After completing Tutorial 2, we further present our re-analysis aimed at identifying metastasis-related niches. If you are interested in using the trained models presented in our paper, please visit the following link: https://github.com/cmzuo11/stClinic/blob/main/Datasets/CRCLM/integrated_adata_CRCLM24_niche_model.h5ad.

Preparation

import os
import scanpy as sc
import random
import torch
import numpy as np
import pandas as pd
import warnings
import re
from pathlib import Path

import stClinic as stClinic

warnings.filterwarnings("ignore")

Set parameters

used_device = torch.device('cuda:0' if torch.cuda.is_available() else 'cpu')
parser      = stClinic.parameter_setting()
args        = parser.parse_args()

args.out_dir  = args.input_dir + 'stClinic/'
Path(args.out_dir).mkdir(parents=True, exist_ok=True)

Set seed

seed = 666
np.random.seed(seed)
random.seed(seed)
torch.manual_seed(seed)
torch.cuda.manual_seed(seed)

Load data

adata = sc.read_h5ad(args.input_dir + 'integrated_adata_CRCLM24.h5ad')
adata.obs['louvain'] = adata.obs['louvain'].astype('int')
adata.obs['louvain'] = adata.obs['louvain'].astype('category')

Data preparation

def extract_number(s):
    return int(re.findall(r'\d+', s)[0])
sorted_batch = sorted(np.unique(adata.obs['batch_name']), key=extract_number)

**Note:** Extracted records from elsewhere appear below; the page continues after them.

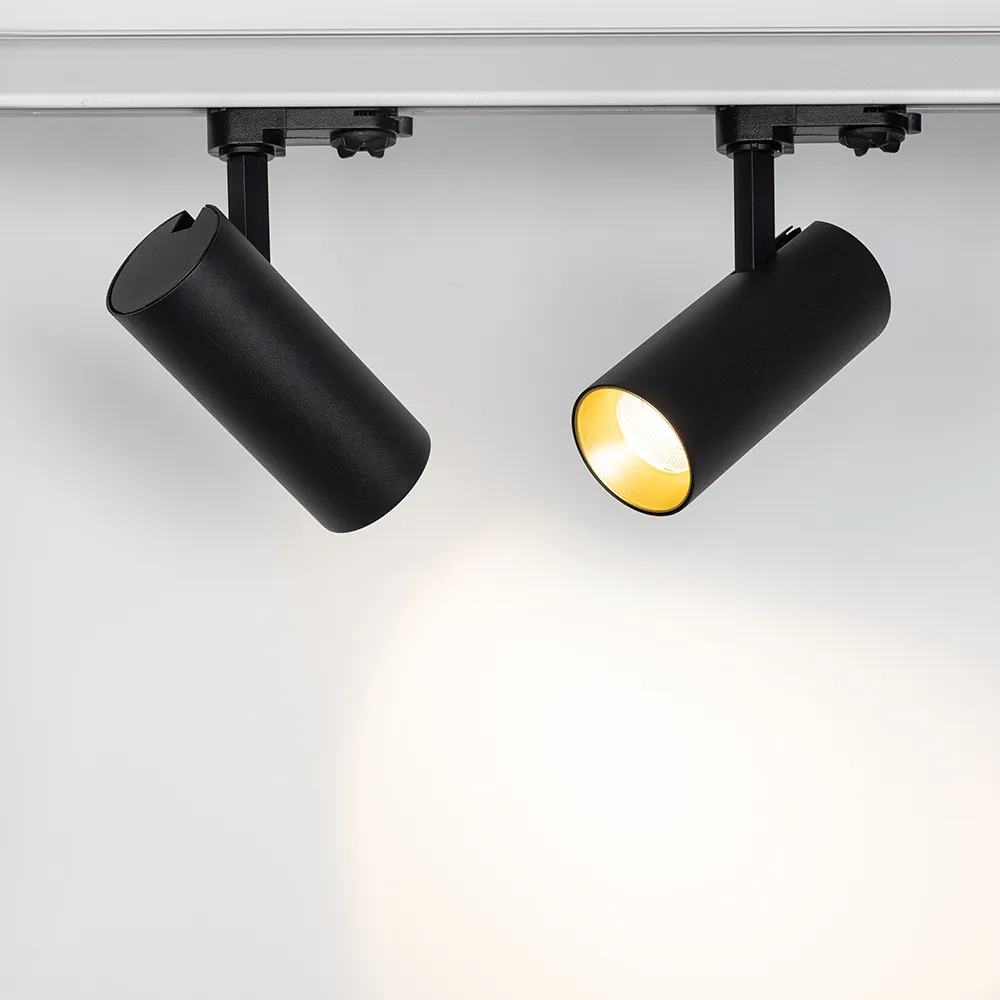 Трековый светильник 8Вт, черный круглый корпус, цветная вставка, металл. Цвет свечения БЕЛЫЙ ТЕПЛЫЙ 3000K, св.поток 570лм, CRI(Ra)>80, угол 40°. Размер DxLxH 65x150x150мм, встроенный драйвер PRI:220-240VAC, SEC:DC 200mA 30-43V 8Вт.
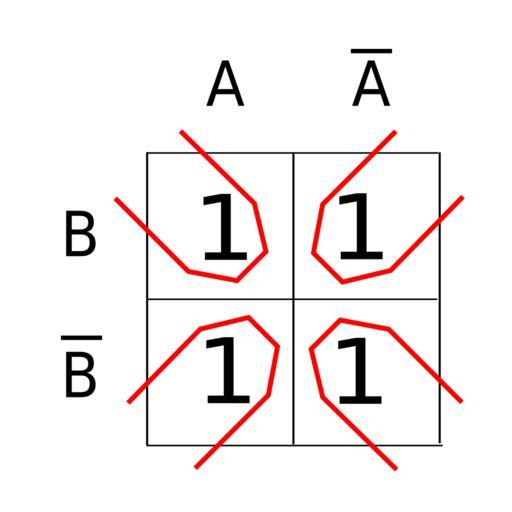 Keywords: Karnaugh map KV 2mal2 Gruppe 2.svg Karnaugh_map with 2 variables Own 2007-10 RosarioVanTulpe 2x2 Karnaugh maps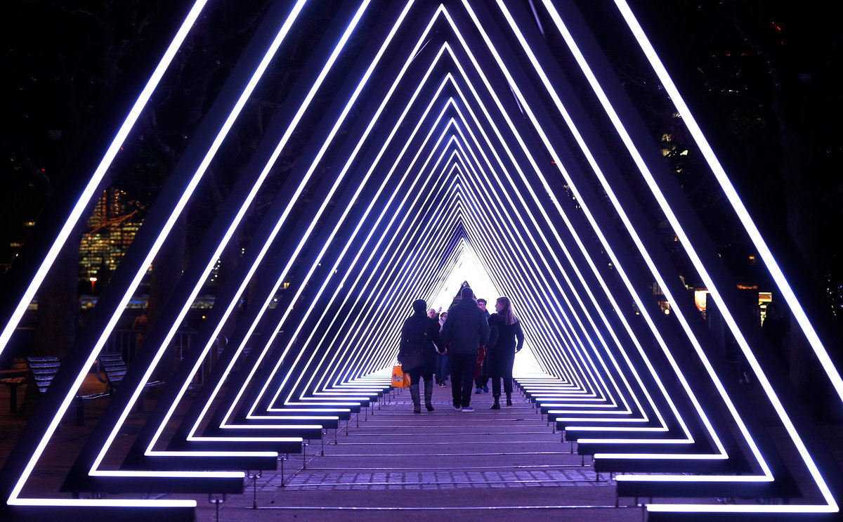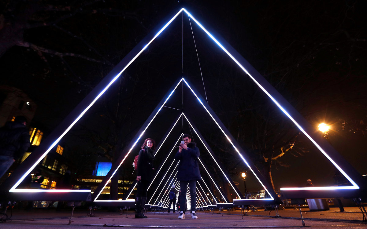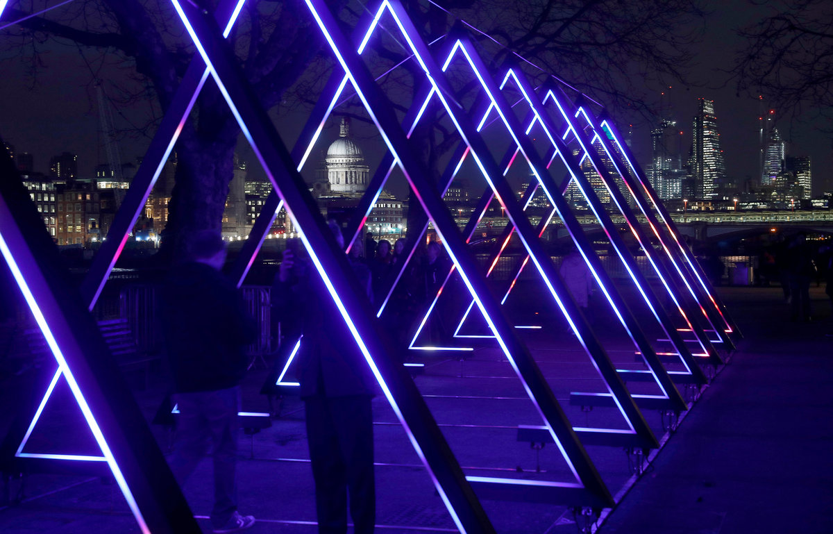 Visitors to the South Bank walk through The Wave, by Vertigo, one of several light installations placed around the capital which together form the Lumiere London festival, in London, Britain, January 17, 2018 REUTERS/Peter NichollsVisitors to the South Bank look at The Wave, by Vertigo, one of several light installations placed around the capital which together form the Lumiere London festival, in London, Britain, January 17, 2018 REUTERS/Peter Nicholls

Six statistics measures per cluster

adata        = stClinic.stClinic_Statistics_Measures(adata, sorted_batch)

Clinical information (One-hot encoding)

All_type = []
for bid in sorted_batch:
    batch_obs = adata.obs[ adata.obs['batch_name'] == bid ]
    All_type.append( np.unique( batch_obs['type'] )[0] )
All_type = np.array(All_type)
type_idx = np.zeros([len(All_type)], dtype=int)
type_idx[All_type == 'Metastasis'] = 1
adata.uns['grading'] = type_idx

Run stClinic for supervised prediction

adata = stClinic.train_Prediction_Model(adata, pred_type='grading', lr=args.lr_prediction, device=used_device)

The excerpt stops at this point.